The BUILD_MOONCAKE environment variable controls compilation:

  • BUILD_MOONCAKE=1: Enable the Mooncake C++ extension.

  • BUILD_MOONCAKE=0: Force disable (highest priority), even if MOONCAKE_INCLUDE_DIR is set.

  • Not set: Falls back to checking MOONCAKE_INCLUDE_DIR for backward compatibility. If MOONCAKE_INCLUDE_DIR is also unset, the extension is skipped.

If the Mooncake headers are not installed in the system include path (e.g., /usr/local/include), you must point to them explicitly:

BUILD_MOONCAKE=1 \
MOONCAKE_INCLUDE_DIR=/path/to/mooncake/include \
MOONCAKE_LIB_DIR=/path/to/mooncake/lib \
pip install -e . --verbose

LMCache-specific fields:

  • num_workers: Number of C++ worker threads (default 4, must be > 0).

Mooncake fields:

All other keys in the JSON config (except type, num_workers, and eviction) are forwarded as-is to Mooncake’s setup_internal(ConfigDict).
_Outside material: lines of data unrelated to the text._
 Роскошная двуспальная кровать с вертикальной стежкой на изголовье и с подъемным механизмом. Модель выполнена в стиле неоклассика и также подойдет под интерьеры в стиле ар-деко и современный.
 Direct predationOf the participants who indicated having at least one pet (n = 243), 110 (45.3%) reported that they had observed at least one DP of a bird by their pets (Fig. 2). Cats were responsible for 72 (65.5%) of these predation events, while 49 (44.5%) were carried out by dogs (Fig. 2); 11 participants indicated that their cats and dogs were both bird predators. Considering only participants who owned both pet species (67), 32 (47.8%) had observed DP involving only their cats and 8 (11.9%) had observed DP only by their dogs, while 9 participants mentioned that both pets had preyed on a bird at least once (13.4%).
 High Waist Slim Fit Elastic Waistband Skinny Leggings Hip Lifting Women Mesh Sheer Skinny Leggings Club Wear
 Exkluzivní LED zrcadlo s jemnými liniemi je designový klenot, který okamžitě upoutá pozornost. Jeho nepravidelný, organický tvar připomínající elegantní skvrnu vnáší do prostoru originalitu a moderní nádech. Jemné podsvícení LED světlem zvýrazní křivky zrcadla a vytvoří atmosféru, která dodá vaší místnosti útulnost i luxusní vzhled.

Refer to the Mooncake documentation for available setup keys (e.g., local_hostname, metadata_server, master_server_address, protocol, device_name, global_segment_size).

Configuration example:

--l2-adapter '{
  "type": "mooncake_store",
  "num_workers": 4,
  "local_hostname": "node01",
  "metadata_server": "http://localhost:8080/metadata",
  "master_server_address": "localhost:50051",
  "protocol": "tcp",
  "local_buffer_size": "3221225472"
  "global_segment_size": "3221225472"
}'

For full Mooncake setup instructions (master service, metadata server, etc.), see Mooncake .

mock – Mock adapter for testing#

Simulates L2 storage with configurable size and bandwidth. Useful for testing the L2 pipeline without real storage hardware.

Fields:

  • max_size_gb: Maximum size in GB (> 0).
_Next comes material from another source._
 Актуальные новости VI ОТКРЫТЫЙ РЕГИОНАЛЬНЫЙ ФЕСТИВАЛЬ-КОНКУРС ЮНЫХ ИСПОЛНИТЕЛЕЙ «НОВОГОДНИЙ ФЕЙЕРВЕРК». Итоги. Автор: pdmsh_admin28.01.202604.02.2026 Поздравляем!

  • mock_bandwidth_gb: Simulated bandwidth in GB/sec (> 0).

--l2-adapter '{"type": "mock", "max_size_gb": 256, "mock_bandwidth_gb": 10}'

Multiple Adapters (Cascade)#

You can configure multiple L2 adapters by repeating the --l2-adapter argument. Adapters are used in the order they are specified. The StoreController pushes data to all configured adapters, and the PrefetchController queries adapters in order during lookups.
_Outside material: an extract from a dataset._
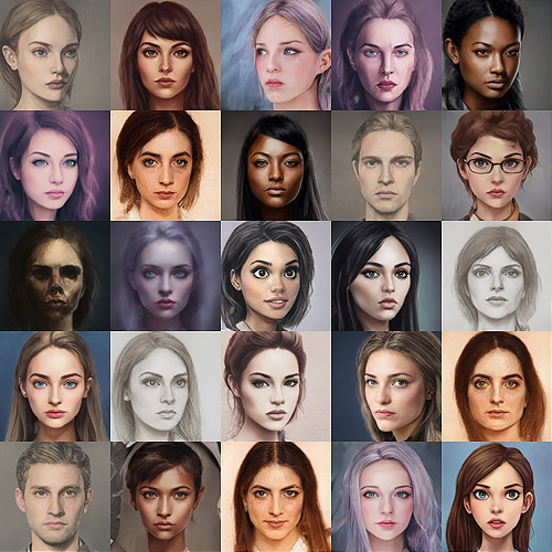 This package contains over 2300 character portraits created using AI, in multiple styles.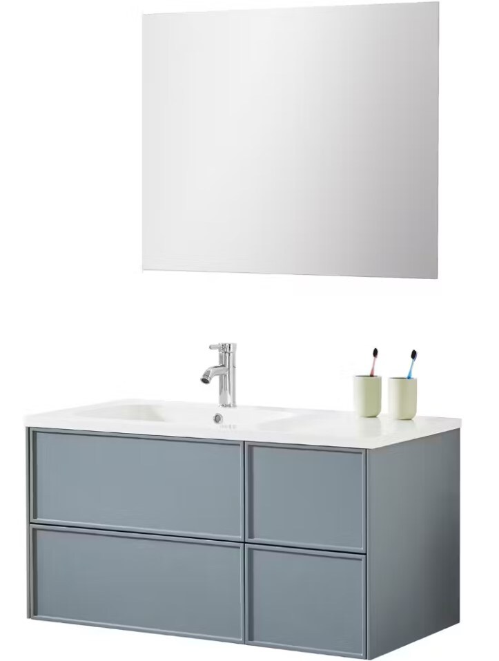 ZIK Mobile Hängender Waschtischunterschrank mit Spiegel und Keramikwaschbecken 4 platzsparende Schubladen 100 x 46 x 40 cm, modernes Design

# SSD (fast, smaller) + NVMe GDS (larger capacity)
--l2-adapter '{"type": "nixl_store", "backend": "POSIX", "backend_params": {"file_path": "/data/ssd/l2", "use_direct_io": "false"}, "pool_size": 64}' \
--l2-adapter '{"type": "nixl_store", "backend": "GDS", "backend_params": {"file_path": "/data/nvme/l2", "use_direct_io": "true"}, "pool_size": 128}'

Store and Prefetch Policies#

The store policy controls how keys flow from L1 to L2: which adapters receive each key and whether keys are deleted from L1 after a successful L2 store. The prefetch policy controls how keys flow from L2 back to L1: when multiple adapters have the same key, the policy decides which adapter loads it.

Select policies via CLI:

--l2-store-policy default \
--l2-prefetch-policy default

Built-in policies:

Flag

Name

Behaviour

--l2-store-policy

default

Store all keys to all adapters. Never delete from L1.

--l2-store-policy

skip_l1

Buffer-only mode. Store all keys to all adapters, then delete them from L1 immediately. Pair with --eviction-policy noop to avoid useless LRU overhead.

--l2-prefetch-policy

default

For each key, pick the first (lowest-indexed) adapter that has it. Prefetched keys are temporary (deleted after the reader finishes).

--l2-prefetch-policy

retain

Same load plan as default, but prefetched keys are retained permanently in L1. Useful when prefetched data is likely reused by subsequent requests (e.g. shared system-prompt chunks).

Prefetch Concurrency#

The --l2-prefetch-max-in-flight flag limits the number of concurrent prefetch requests that the PrefetchController can have in flight at any time. A higher value increases L2-to-L1 throughput but also increases L1 memory pressure from in-flight data.

Flag

Default

Description

--l2-prefetch-max-in-flight

8

Maximum number of concurrent prefetch requests.

Buffer-Only Mode#

When L1 is used purely as a write buffer (all data lives in L2), use --l2-store-policy skip_l1 together with --eviction-policy noop. This combination deletes keys from L1 as soon as they are stored to L2 and disables the LRU eviction tracker entirely, reducing memory and CPU overhead.

--eviction-policy noop \
--l2-store-policy skip_l1 \
--l2-prefetch-policy default

Policies are extensible – new policies can be added by creating a file in storage_controllers/ and calling register_store_policy() or register_prefetch_policy() at import time. See the design doc l2_adapters/design_docs/overall.md for details.

Eviction#

LMCache supports eviction at both storage tiers so that each tier can operate within a fixed capacity budget.

L1 Eviction#

L1 eviction runs a single background thread that monitors overall L1 memory usage. When usage exceeds trigger_watermark, the eviction policy evicts a fraction of the least-recently-used keys.

CLI flags:

Flag

Default

Description

--eviction-policy

(required)

Policy name: LRU or noop.

--eviction-trigger-watermark

0.8

L1 usage fraction [0, 1] above which eviction is triggered.

--eviction-ratio

0.2

Fraction of currently allocated L1 memory to evict per cycle.

Example:

--eviction-policy LRU \
--eviction-trigger-watermark 0.8 \
--eviction-ratio 0.2

L2 Eviction#

L2 eviction is per-adapter and opt-in. Each adapter can independently declare an eviction policy by adding an "eviction" sub-object to its --l2-adapter JSON spec. Adapters without an "eviction" key have no eviction controller.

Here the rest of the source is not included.